Физико-химические методы переноса чужеродной ДНК в клетки эукариот

Чужеродная ДНК может спонтанно проникать в клетки эукариот благодаря наличию в плазматической мембране белков, специфически связывающих ДНК. Путем эндоцитоза чужеродная ДНК попадает в цитоплазму в составе эндосом и обычно быстро разрушается лизосомальными ферментами. Только небольшая часть экзогенной ДНК выходит из экзосом, попадает в ядро и если не разрушается эндогенными нуклеазами, то может быть интегрирована в ДНК клетки. Такое, однако, случается достаточно редко. Исключение составляют скелетные мышцы, в которых благодаря низкой активности эндогенных нуклеаз и низкой пролиферативной активности введенная ДНК может долго (до 1 года) сохраняться и даже экспрессироваться.

Эффективная доставка чужеродной ДНК непосредственно в ядро клетки-мишени может быть осуществлена путем микроиньекции, при помощи электропорации, а также посредством перфорации клеточных мембран золотыми или вольфрамовыми микрочастицами, коньюгированными с чужеродными ДНК и разогнанными до высокой скорости (метод бомбардировки). Эти методы доставки применимы главным образом для клеток, культивируемых in vitro. Исключение составляет лишь метод бомбардировки с использованием специального "генного ружья", который успешно применяется in vivo.
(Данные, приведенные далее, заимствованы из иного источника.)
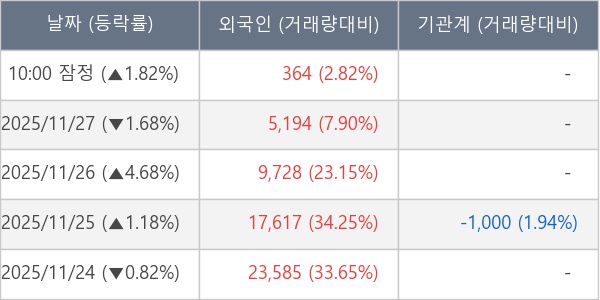 [표] 외국인ㆍ기관 순매매량 (단위 주)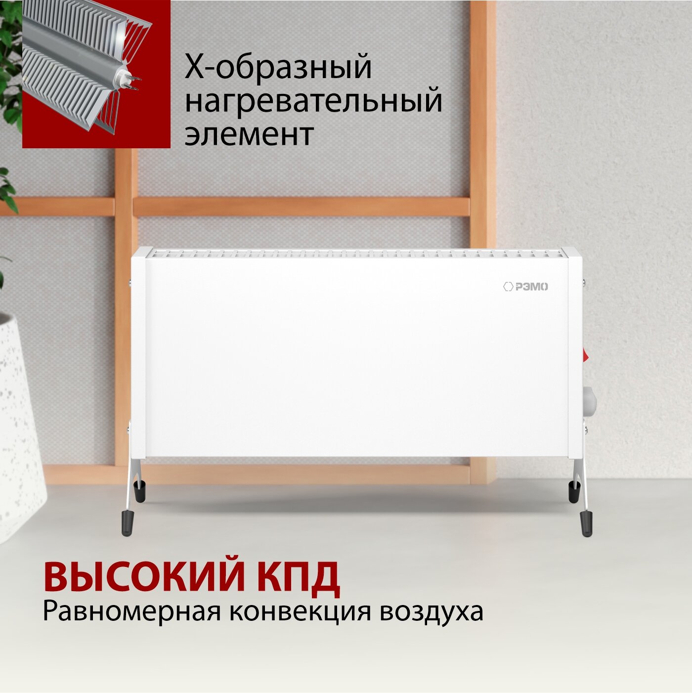 Конвектор - обогреватель электрический РЭМО "Такса" СБ-1500.2, белый (Х-элемент)

Для повышения эффективности переноса обычно используют соединения или группы соединений, взаимодействующие с ДНК с образованием компактных структур, облегчающих проникновение ДНК в клетки и защищающих ее от действия нуклеаз. Примерами таких способов трансфекции являются система кальций-фосфорной коприципитации, а также рецептор-опосредованный транспорт, предусматривающий создание трехкомпонентной конструкции: ДНК-поликатион + лиганд + вирус.
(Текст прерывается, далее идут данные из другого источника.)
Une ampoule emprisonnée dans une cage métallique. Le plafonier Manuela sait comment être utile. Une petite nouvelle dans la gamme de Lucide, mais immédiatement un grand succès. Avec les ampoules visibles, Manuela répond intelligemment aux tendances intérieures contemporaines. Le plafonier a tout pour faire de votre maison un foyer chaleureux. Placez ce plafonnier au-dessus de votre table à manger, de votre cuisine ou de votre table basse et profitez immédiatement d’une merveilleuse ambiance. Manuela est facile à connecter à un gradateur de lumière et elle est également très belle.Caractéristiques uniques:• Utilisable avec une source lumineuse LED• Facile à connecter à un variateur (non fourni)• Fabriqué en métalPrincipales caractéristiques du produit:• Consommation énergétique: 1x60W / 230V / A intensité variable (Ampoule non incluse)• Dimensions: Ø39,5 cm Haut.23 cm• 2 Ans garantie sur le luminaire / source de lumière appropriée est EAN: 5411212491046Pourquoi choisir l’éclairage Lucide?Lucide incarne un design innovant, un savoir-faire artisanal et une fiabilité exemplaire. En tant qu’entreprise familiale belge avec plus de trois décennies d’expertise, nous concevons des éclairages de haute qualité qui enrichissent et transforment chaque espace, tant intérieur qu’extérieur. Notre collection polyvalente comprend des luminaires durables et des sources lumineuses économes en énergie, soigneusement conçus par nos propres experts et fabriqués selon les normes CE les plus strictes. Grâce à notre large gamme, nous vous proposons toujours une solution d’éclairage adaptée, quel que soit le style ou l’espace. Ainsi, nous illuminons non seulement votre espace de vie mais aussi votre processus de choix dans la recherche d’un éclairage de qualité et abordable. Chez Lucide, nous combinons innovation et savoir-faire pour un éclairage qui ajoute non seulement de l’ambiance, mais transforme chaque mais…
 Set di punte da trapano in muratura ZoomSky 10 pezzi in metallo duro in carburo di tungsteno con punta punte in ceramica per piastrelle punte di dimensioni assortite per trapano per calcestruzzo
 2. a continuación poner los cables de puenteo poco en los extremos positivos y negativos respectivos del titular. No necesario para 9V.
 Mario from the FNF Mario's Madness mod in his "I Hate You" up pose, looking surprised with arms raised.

В качестве лигандов используются специфические белки, такие как трансферрин, эритропоэтин, асиалогликопротеин, коньюгированный с альбумином инсулин и некоторые другие, взаимодействующие с клеточными рецепторами и обеспечивающие фиксацию генной конструкции на специфических клетках (Рис. 36).

Рис. 36 Рецептор-опосредованный перенос гена

Лиганды ковалентно присоединяются к связывающим и компактизующим чужеродную ДНК катионным носителям (полилизин, ДЭАЭ-декстран). Важным компонентом системы является аденовирус, выступающий в качестве эффективного фузогенного агента, обеспечивающего выход экзогенной ДНК из эндосом после попадания ее в цитоплазму клеток-мишеней. Адресная доставка и защита от действия лизосомальных ферментов обеспечивают высокую трансфекционную способность таких конструкций.
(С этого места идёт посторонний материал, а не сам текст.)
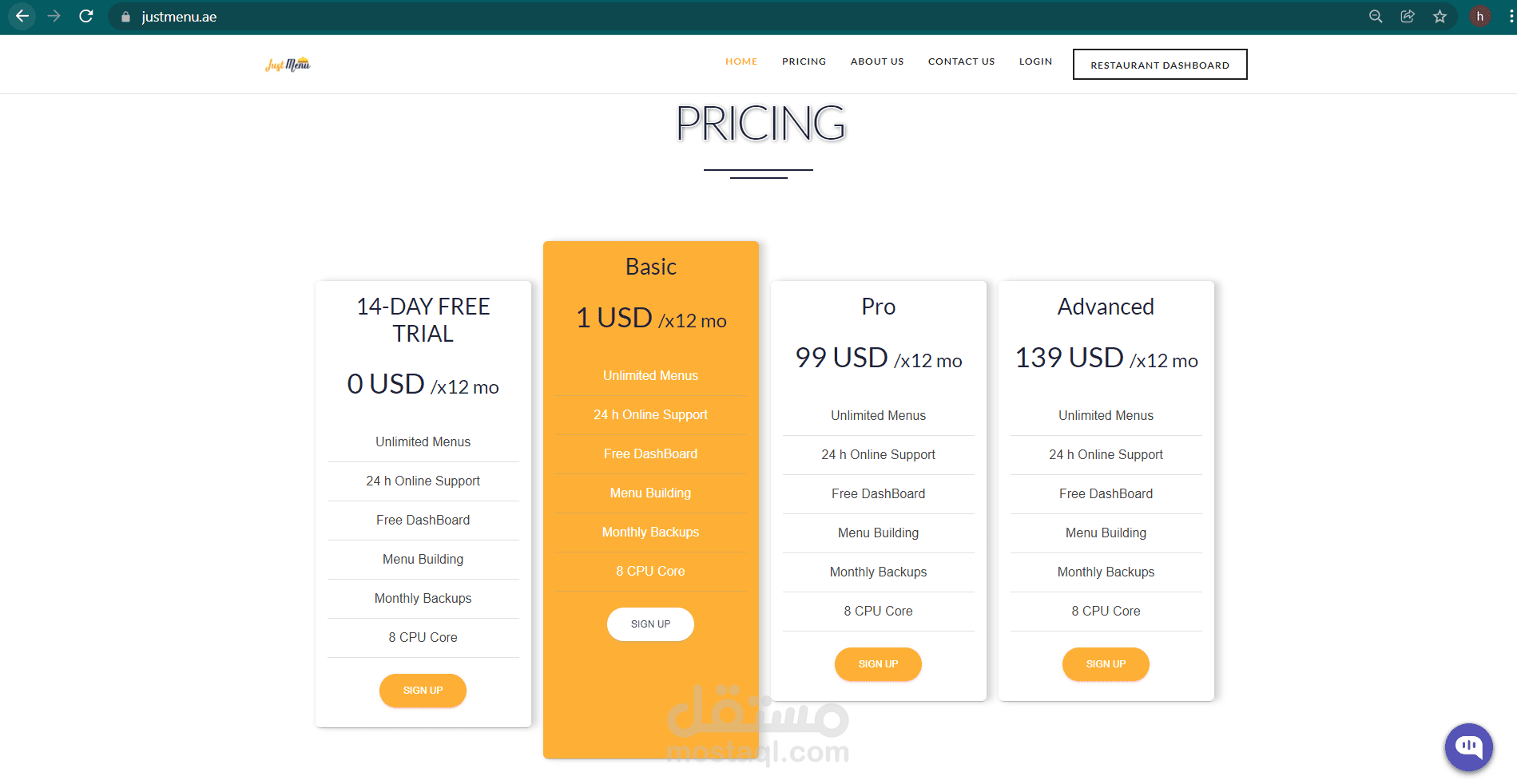 Just Menu For Restaurant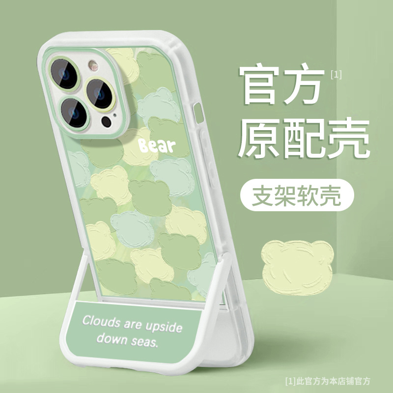 Ins油絵熊は16promaxアップルの携帯ケースiphone15スタンド14/13シリコン12を適用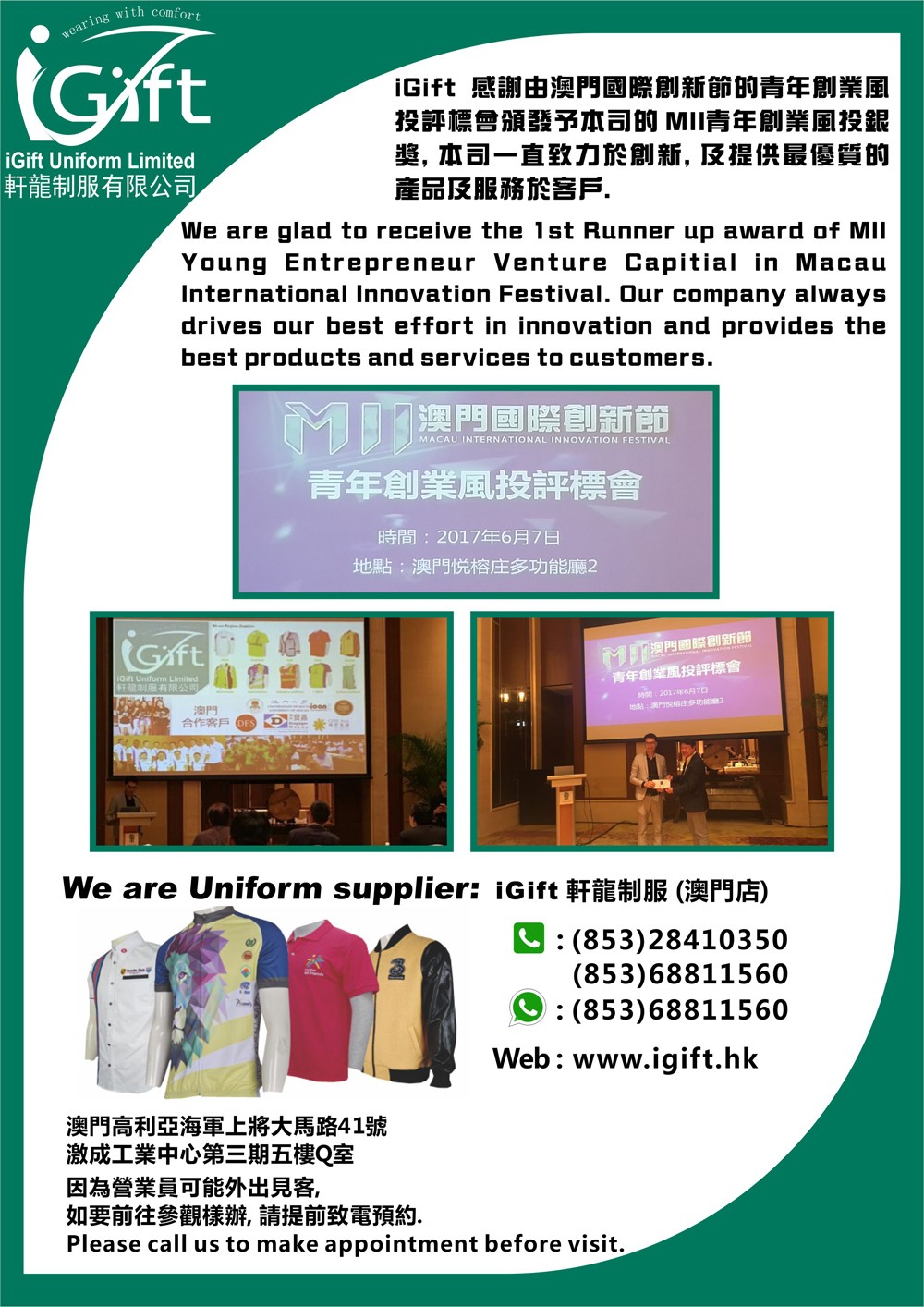 Youth entrepreneurship Award Group uniform company Hong Kong uniform company Macao uniform shop uniform supplier group uniform garment production company

Еще одной системой, основанной на сочетании физико-химического подхода и использования вирусов, является конструкция, основанная на использовании филаментного фага fd для трансфекции эпителиальных клеток. Гены fd, кодирующие белки оболочки фага, экспрессируются на его поверхности. В один из них инсертируют последовательность, кодирующую поли-L-лизин. Полилизиновые мотивы в составе химерного белка связываются с плазмидной ДНК и удерживают ее на поверхности фага. В другой ген оболочки фага инсертируют последовательность ДНК, кодирующую какой-либо агент, специфически связывающийся с апикальной поверхностью эпителиальных клеток и интернализирующий конструкцию внутрь клетки. Для этой цели могут использоваться гены патогенных бактерий, поражающих кишечный эпителий, кодирующих белки интерналин и инвазин, а также последовательности ДНК, кодирующие пептидные фрагменты вариабельных доменов моноклональных антител.

Направленный перенос генов во многие типы клеток, содержащие трансферриновые рецепторы, может быть осуществлен при комплексировании ДНК с трансферрином. Использование в этом комплексе аденовирусного вектора существенно облегчает прохождение ДНК через эндосомы и попадание ее в ядро.